L'ANNEE
DE TAKESHI
PREMIERE : A Cannes, certains critiques vous ont reproché
de vouloir toucher le grand public et de ne pas être fidèle
à ce que vous faisiez à l'époque de Sonatine…
TAKESHI KITANO : Ce sont des discussions qui ne touchent
que la critique française, je ne suis donc pas au courant.
De toute façon, ça m'est égal. Avant tout, j'ai voulu
raconter à travers ce film une histoire traditionnelle,
classique et facile à comprendre. C'est une expérience
nouvelle pour moi car je ne l'ai jamais fait. Finalement,
je n'ai pas réussi à raconter une histoire linéaire parce
que je me suis égaré en route. Au début, c'était effectivement
centré sur le petit garçon qui va chercher sa mère en
compagnie d'un adulte un peu déglingué. Mais en cours
de route, c'est devenu une histoire d'adultes qui jouent
comme des gamins autour de cet enfant.
PREMIERE : Vous êtes-vous autorisé davantage de liberté
d'improviser que sur vos autres films?
T. K. : Certainement. Particulièrement à la fin, qui
est une succession de jeux. Je n'avais rien écrit de précis,
on a vraiment joué comme ça. En filmant les jeux, j'ai
voulu que tout le monde s'amuse, et ça se voit à l'écran.
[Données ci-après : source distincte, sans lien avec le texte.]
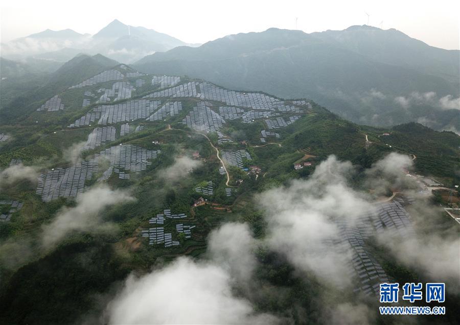 这是金寨县桃岭乡高湾村的茶产业扶贫和光伏扶贫项目(6月20日无人机照片)。新华社记者张端摄

Il y a des moments qui ne sont pas du tout des moments
d'acteurs. Tout le monde riait sur le plateau.
PREMIERE : Les gags ressemblent-ils à ce que vous faites
à la télé ?
T. K. : Ce que je fais à la télévision est beaucoup
plus bas et vulgaire, c'est n'importe quoi. Là, il fallait
qu'ils tiennent dans l'histoire du film et que ça soit
moins vulgaire. Par contre, le gros lard et le chauve
sont des gens avec qui je travaille à la télé. Je savais
à peu près comment ils réagiraient, et on s'est bien éclatés.
PREMIERE : Vous en aviez marre de faire des films policiers
très violents ? Ou est-ce que vous aviez envie de montrer
que vous pouviez faire autre chose ?
T. K. : Les deux.
PREMIERE : Est-ce que Chaplin et les Marx Brothers sont
des références pour vous ?
T. K. : Chaplin, j'admire sa technique, son savoir-faire,
son grand professionnalisme, mais je préfère Buster Keaton.
Quant aux Marx Brothers, je ne les connais que par les
sous-titres et je suis toujours très frustré car je me
dis que ça doit être plus drôle dans la langue d'origine.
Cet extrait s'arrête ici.